By Karolina Lis, director at Hays Poland
Header karolina lis hays poland

One of the key factors influencing the immediate career decisions of finance experts – whether to change jobs or pursue further development with their current employer – is the strength of the relationship with their immediate supervisor. Managers who actively develop talent and visibly support career progression are an invaluable resource in the attraction and retention strategy.

The saying goes that people don’t leave an organisation – they leave a boss, and this is often reflected in reality. However, the potential supervisor is equally important in the recruitment process. This is particularly true in the context of financiers, who often demonstrate a need for development, knowledge growth, and new professional experiences. Add this up, and the line manager – the face of an employer in the recruitment process and the first call for development opportunities – becomes a key factor in motivating finance experts to join an organisation, and consequently whether they stay or leave.

Growth, satisfaction – and the line manager in between

Workers developing a career in the field of accountancy and finance are usually prudent in their decision to leave an employer. Following a detailed analysis of available career opportunities, all elements of the job offers and the potential employer’s value proposition are subjected to thorough scrutiny. The most important factors in attraction include financial offering, interesting projects and challenges, flexible work environment, job security, and – importantly – career development opportunities. If we switch to retention, our research discussed in Salary Guide 2022 reveals that among finance experts the relationship with a direct supervisor is the sixth most frequently cited reasons for considering a job change.

If we combine the spheres of attraction and retention to consider the underlying equation behind professional development opportunities, the common denominator is the direct manager. For finance experts, professional development means the possibility of expanding the scope of their responsibility, such as expanding into a region-spanning role, and increasing autonomy in the accomplishment of day-to-day operations. Progression also includes project management related to the implementation of improvements, such as a new reporting or accounting system, or process automation tools. Development in finance is also synonymous with learning new systems and tools to evolve the daily functions of a finance department or whole organisation.

The bottom line is that development needs communicated by experts in finance are specific and apply to clearly defined areas – substantive skills that financial experts should be able to learn from their line manager. However, when this is not possible, the supervisor should have the provision for creating opportunities for development in an area of interest that aligns with organisational objectives.

An eye for talent and an ear for feedback

The line manager, as the person who sees the work and assesses the skills of team members, is best positioned to know what a person is interested in, their strengths, and the areas for development. This knowledge is the keystone to building a strong, diverse and motivated team that achieves success.

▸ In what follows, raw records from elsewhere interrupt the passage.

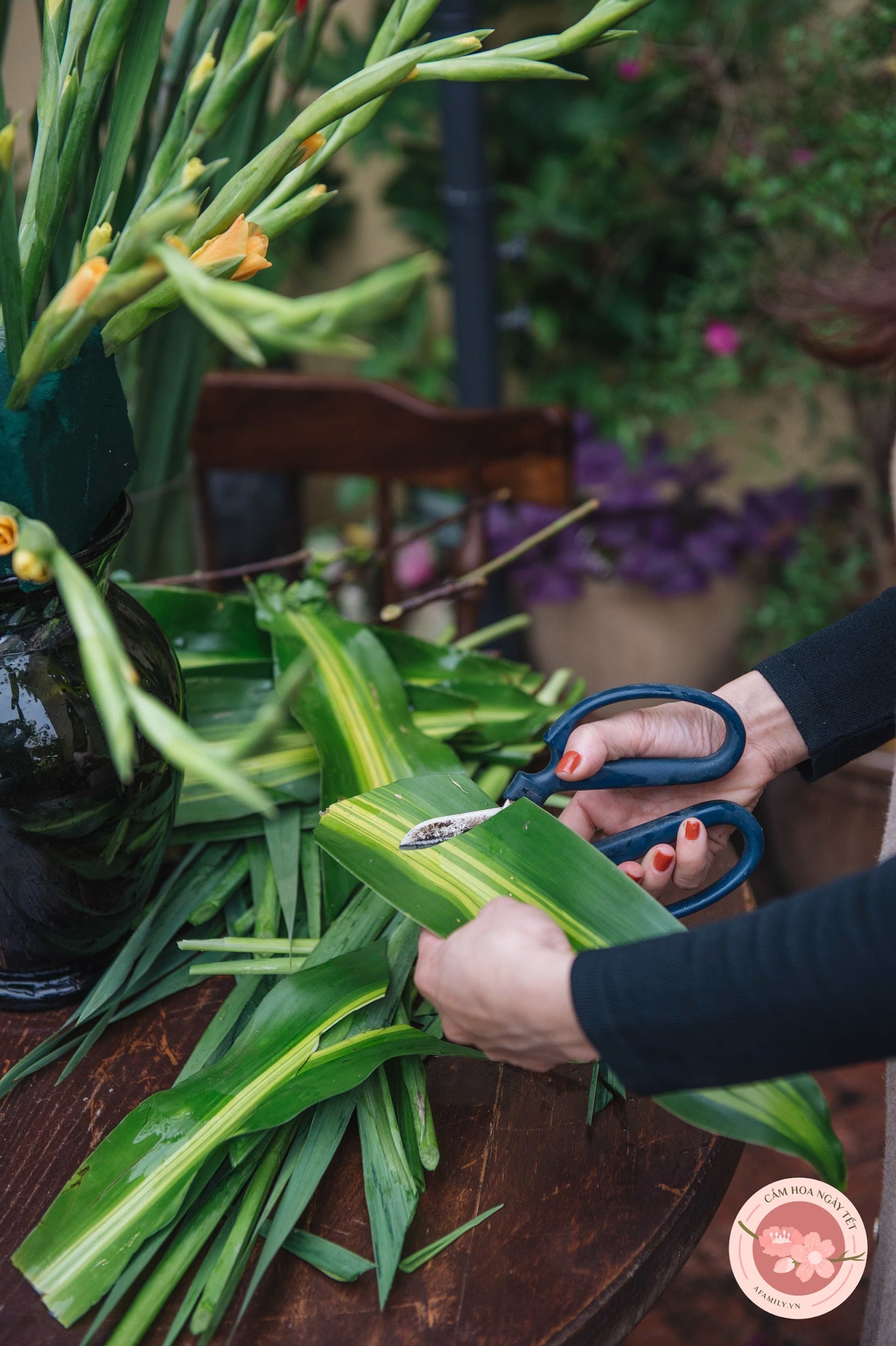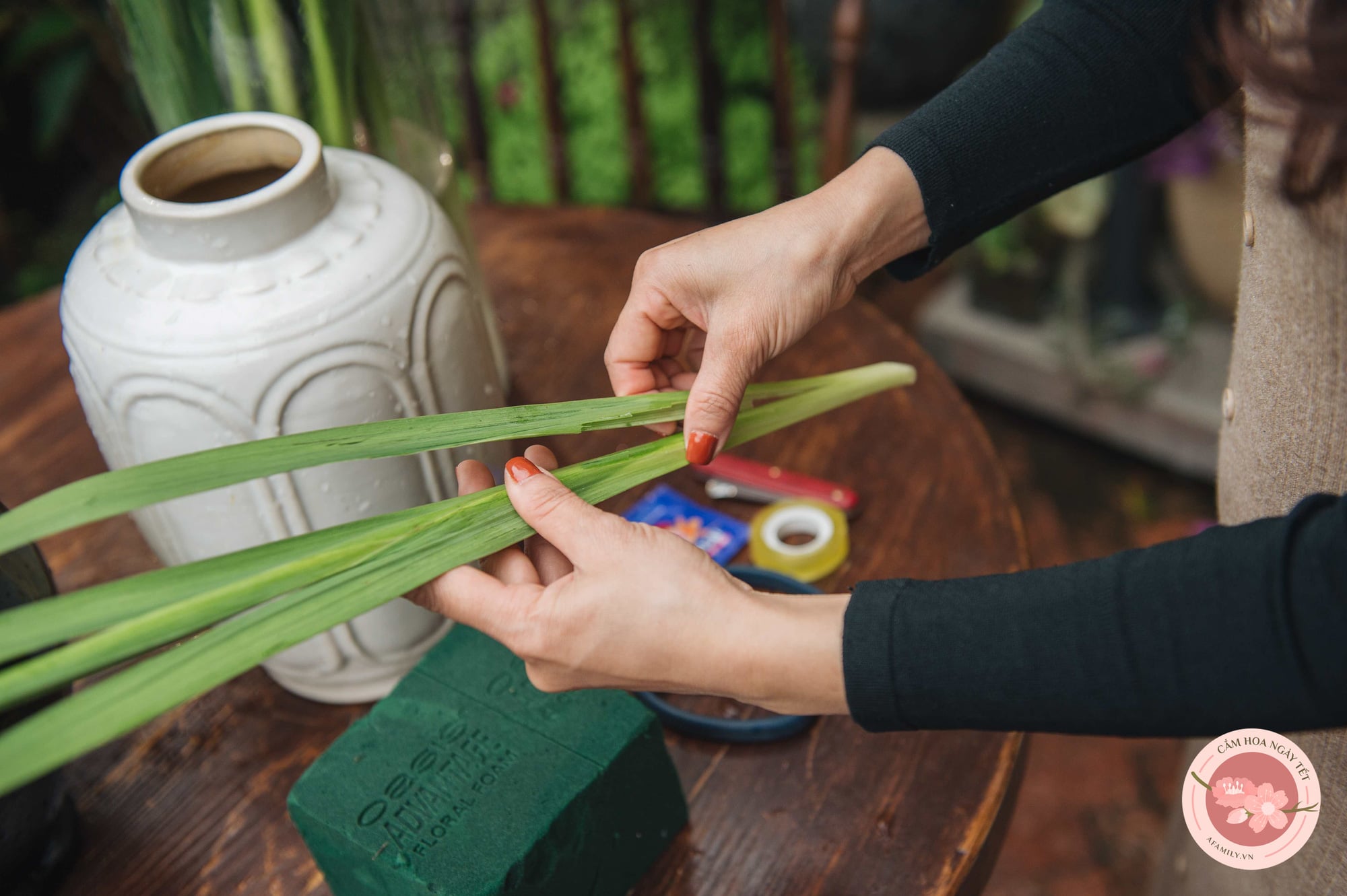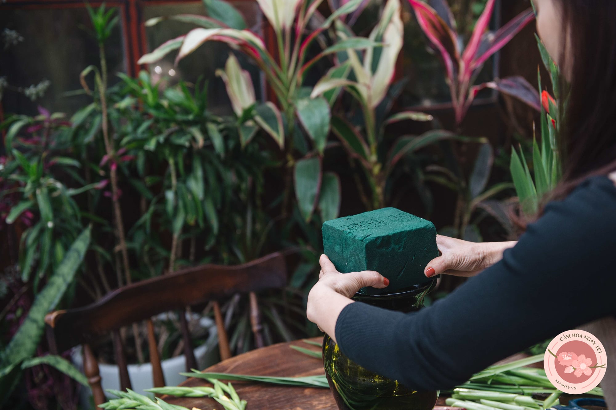 Dùng lá lay ơn hoặc lá thiết mộc lan, lá ngâu để phủ kín xốp, giúp bình hoa đẹp tự nhiên hơn.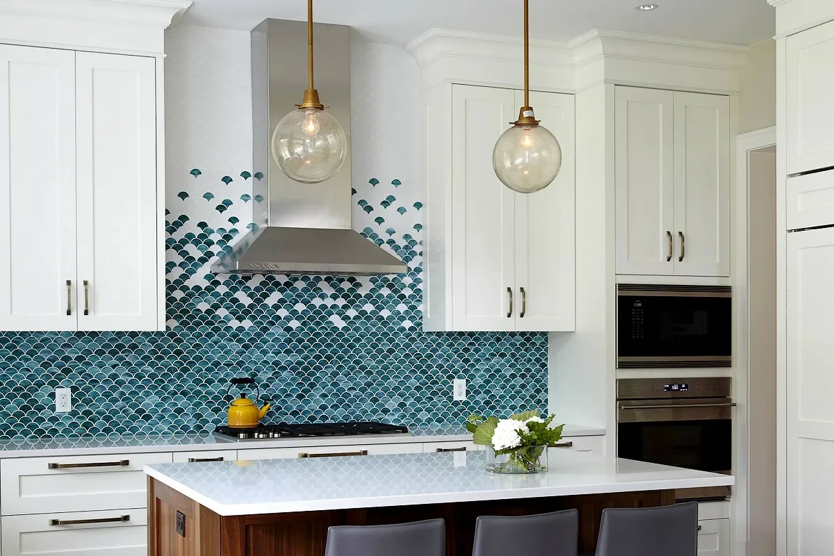 Чтобы интерьер получился целостным и гармоничным, выберите «фокусную точку» ― элемент, который будет в первую очередь бросаться в глаза при входе. В зависимости от кухни можно использовать: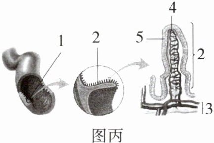 21.[2024甘肃武威凉州三模](8分)图甲是淀粉、蛋白质在人体消化系统中的变化示意图,图乙是消化系统模式图,图丙是小肠结构示意图。请据图回答: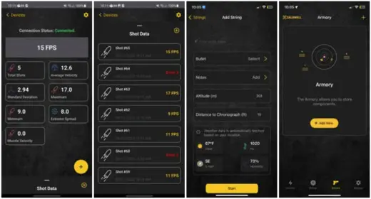 - Pokročilé balistické údaje s přesností +/- 0,1 % poskytují skutečnou úsťovou rychlost, rychlost při výstřelu a vypočtený balistický koeficient G7.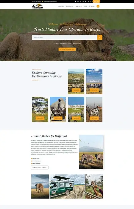 This one was built for a Kenyan safari tour operator looking to stand out in a competitive space without overcomplicating things. The first thing we focused on was trust—real wildlife imagery, a direct headline, and a clear booking CTA front and center. The tours are broken down by destination, not just names, so people actually know where they’re going. Each section leads with intent—short, focused, and built to get clicks without forcing the user to scroll endlessly.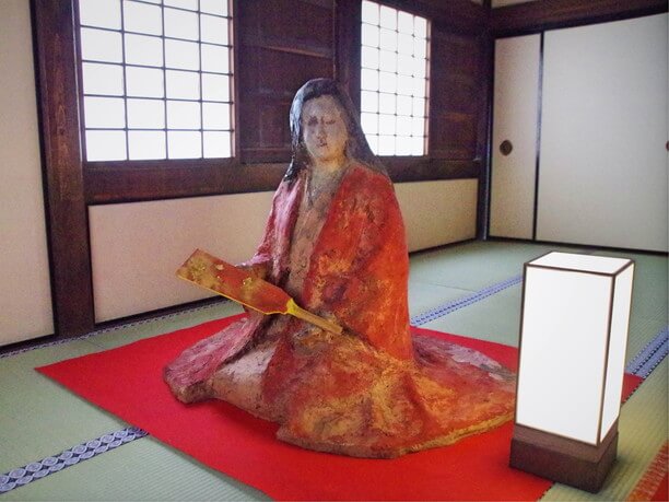 化粧櫓には、乾漆といわれる麻の布に漆を塗り重ねる技法で制作された「千姫色彩乾漆座像」がある。千姫と本多忠刻の成婚400年を記念し寄贈されたものだ。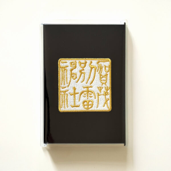 当社御配神の「玉依姫」を鮮やかに金糸を多用して西陣織で仕上げています。表裏表紙を合わせるとひとつの絵の作品となります。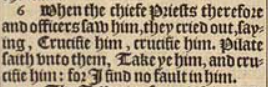 6 When the chiefe Priests therefore and officers saw him, they cried out, saying, Crucifie him, crucifie him. Pilate saith vnto them, Take ye him, and crucifie him: for I find no fault in him.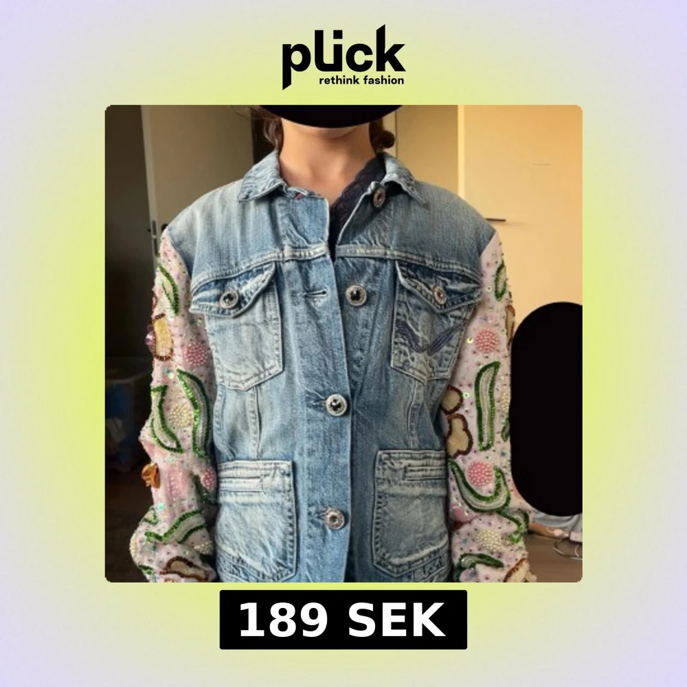 Unik jeansjacka från Replay med ljusblå tvätt och broderade ärmar i rosa tyg. Ärmarna har blommiga mönster, pärlor och paljetter i grönt, gult och rosa. Klassisk krage, knappar framtill och fyra fickor. Perfekt statement-plagg för dig som vill sticka ut.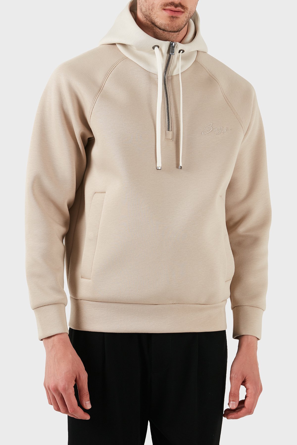 Pamuklu Relaxed Fit Yarım Fermuarlı Kapüşonlu Yaka Erkek Sweat 50531360 275 BEJ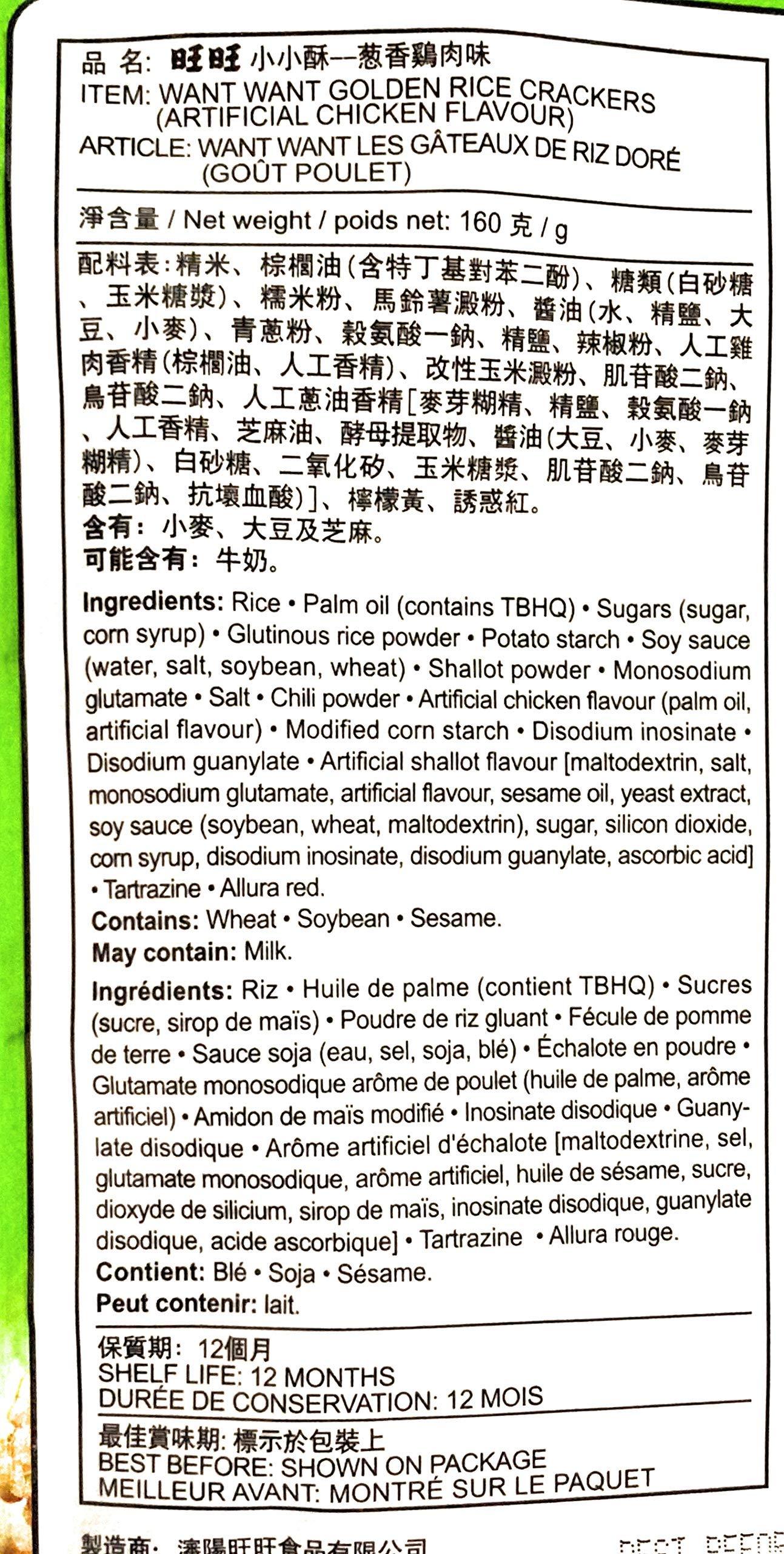2 Pack Want Want Golden Rice Crackers (Artificial Chicken Flavour)160g Each 旺旺葱香雞肉味小小酥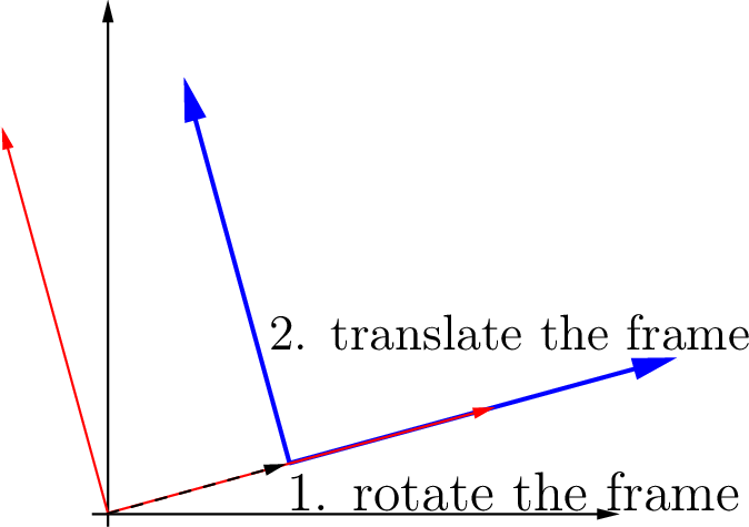 Transformations of coordinate frames work differently from transformations of points. As shown in figure Fig. 2.15, each coordinate frame transformation starts with a rotation of the frame and then a translation relative to the rotated frame. Building a compound coordinate frame describing one frame relative to another, as shown in figure Fig. 2.16 and figure Fig. 2.17, requires a sequence of matrix multiplications. We start with the previous coordinate frame and multiply each sequential transform matrix until we reach the desired coordinate frame position. We write the order of transformation multiplications from left to right.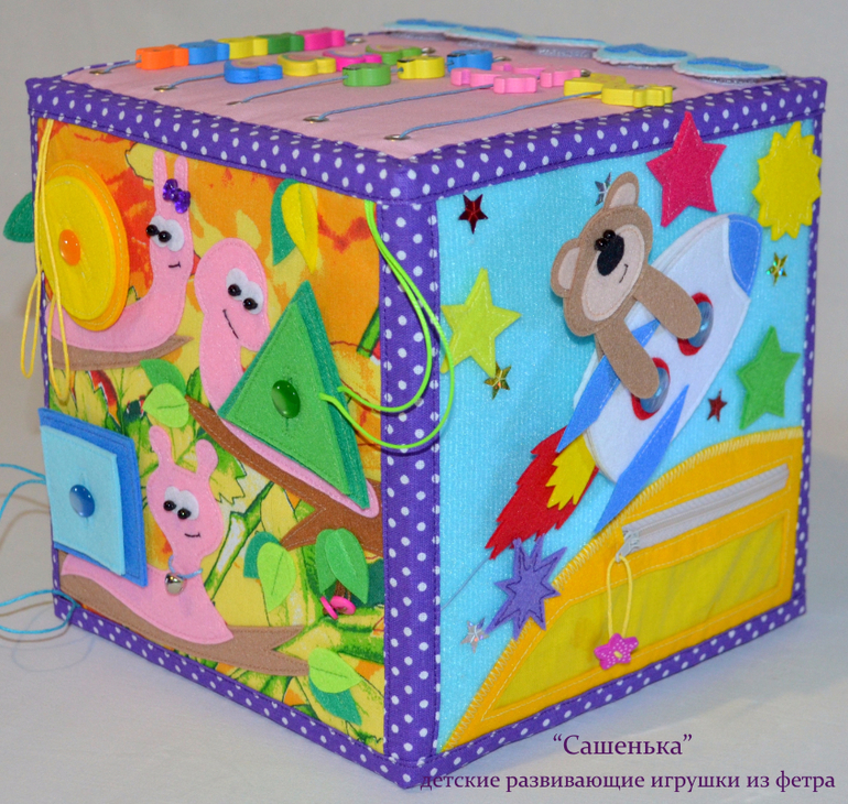 Развивающие игрушкиИ снова я сшила развивающий кубик в подарок на годовасие малышу))) Некоторые идеи брала здесь, на ББ! Далее много фото!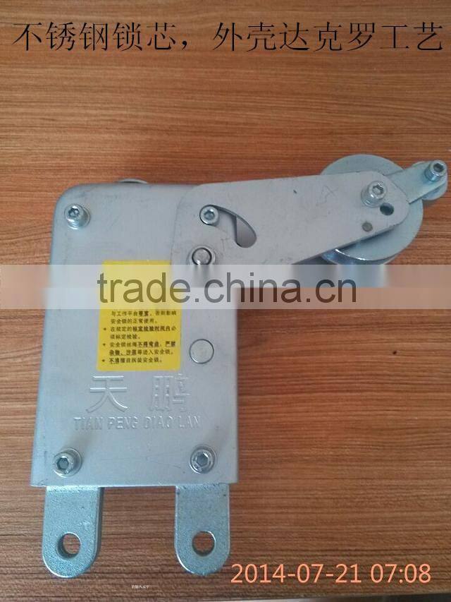 When the steel wire rope is broken ,blocked ,slip out of he hoist or the working platform inclines,the safey lock will lock the rope within 100mm, this safety device is high advanced in China now .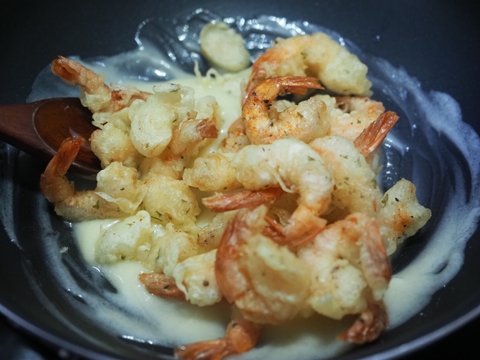 그 맛있는 튀김에 새우를 더해 크림새우를 만들어봅니다.

A strong finance manager will identify talent within their teams, tune in to the potential of their people, and create opportunities for them to use their skills to make a visible impact on business outcomes. In this supportive environment, experts feel valued, motivated and encouraged to go above and beyond – creating a feedback loop for the foundation of a solid professional relationship.

Creating a comfortable space to communicate personal growth objectives is essential for all employees – and developmental discussions should occur regularly. Time passes very quickly, taking into consideration the high volume of tasks in the finance department, so monthly or quarterly meetings make it possible to review the results of work, achievements and needs of both managers and professionals. Even if the organisation does not have a standardised system of career progression one-on-ones, the manager that implements them will be rewarded with loyalty and honesty. Personal engagement is noticed and highly valued by employees – in our conversations with experts we always hear words of appreciation for committed managers who have a process for development and value people’s feedback.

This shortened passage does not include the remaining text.